Once you have them offering an “epistemology” – in this case one that posits a “design” presumes a “God” – you have them by the cojones.

They will insist there must be “design” because the odds of overcoming remote probabilities are otherwise too low. But how does one separate naturally low probabilities from outcomes based on the intervention of a special agent? What criteria allow such separation?For example - we know that any one supposed single fusion of (proton) nuclei in the Sun is expected to occur on average once every 14 billion years.However, no designer is required to explain how the Sun shines (from fusion reactions) rather quantum mechanical tunneling. There exists a finite probability that any given proton will surmount the Coulomb repulsive barrier and fuse with another proton. Yes, this is a rare even, but there are trillions of protons in the Sun so it emerges as not so “rare” as one may first believe.

Another question to challenge the epistemology: Why doesn't the "designer" insinuate itself into the domains of other worlds in the solar system to create ("design") life? Why isn't Mercury inhabited, or Venus? Or Jupiter? IF the designer is also omnipotent it ought to be able to design outside of purely natural (or terrestrial) norms and limits. (Thus an organism on Venus, for example, that can live off sulphuric acid, CO2 in the atmosphere and an atmospheric pressure of 90 atm.)If the designer is not omnipotent, and indeed doesn't exist in the first place - it makes more sense that life will only occur on certain planets within habitable temperature zones and containing the elements (oxygen, nitrogen, water etc.) needed for life. In such cases, it isn't "design" at work but a long, gradual process of chemical evolution that eventually leads to life forms. Thus, the only real emergent reason for a designer in the first place would be that it possesses ubiquitous power to design ANYWHERE! If it can't do that, or is limited by conditions already in place - we simply don't need it, it's redundant.

The final challenge to toss at the God-claimant is predicting what the designer or design agent can do for another planet other than Earth. Provide him with ‘x’ attributes of the unknown planet (also give also the spectral class of the star) and let him specify the nature of the “designed” life that would emerge. If he knows his designer deity as well as he claims, he ought to be able to do this and display flexibility irrespective of the parameters thrown at him.

Failing that, force him to offer tests of falsification.
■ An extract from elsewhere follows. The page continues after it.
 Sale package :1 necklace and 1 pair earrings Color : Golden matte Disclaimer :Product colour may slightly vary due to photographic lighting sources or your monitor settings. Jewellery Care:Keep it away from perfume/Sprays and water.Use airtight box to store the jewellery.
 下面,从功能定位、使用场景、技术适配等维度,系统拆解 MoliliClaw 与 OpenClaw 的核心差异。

Make him tell you what observation – if anything – will falsify his claim. Ideally, force him to relate this to chromosomal observations for various genomes on Earth.(Say using the cytochrome-c gene in one or more species, to determine their interrelatedness, say of the human to the chimp, or the human to a lowly yeast species).
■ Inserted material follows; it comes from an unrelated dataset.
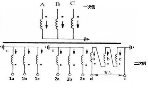 为便于理解,我们将变比规整成:(10/√3)/(0.1/√3)/(0.1/√3)/(0.1/3)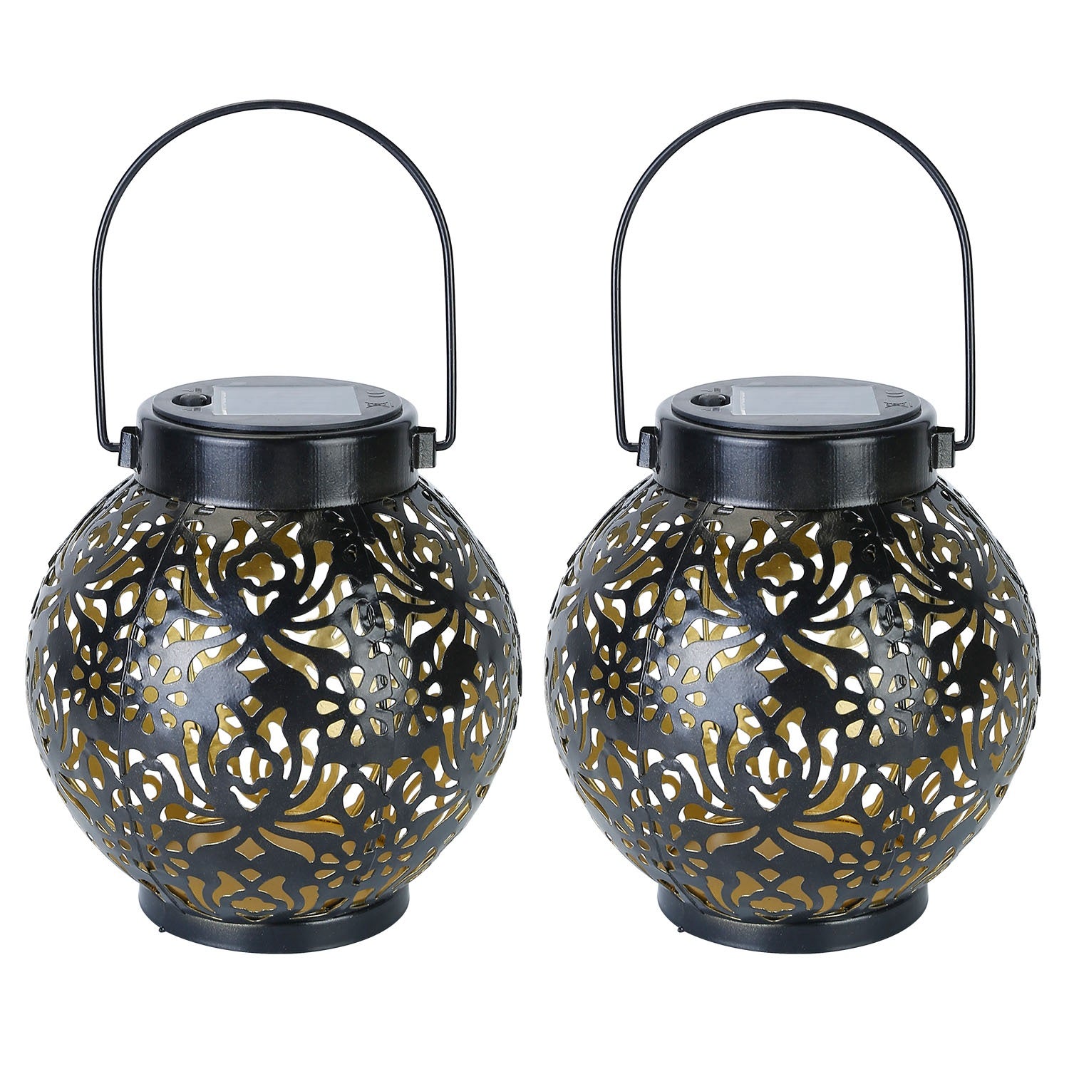 2Pcs Solar Powered Hanging Lights Outdoor Waterproof Decorative Hollow Lantern Lamps Warm White Retro Style Decorative Landscape Lights For Patio C - Black -

Tipler, at least, has done that – and interestingly, one finds that most of his proffered “tests” have already been falsified. For example, his claim that there can be no “heat death” of the universe. However, the current acceleration of the cosmos via dark energy shows indeed that all the bodies of the cosmos will indeed one day cool to absolute zero temperature. No humanity, no life, no consciousness. It is but a matter of time.

Unwin, Ken Ham and others get away with their nonsense and specious “proofs” largely because skeptics and Atheists fail to call them on their baloney. Demanding that they provide a real epistemological basis for their lunatic claims, as opposed to Bayesian smoke and mirrors. Alas, we often have such a volume of baloney to rebut, that it is often difficult to prioritize!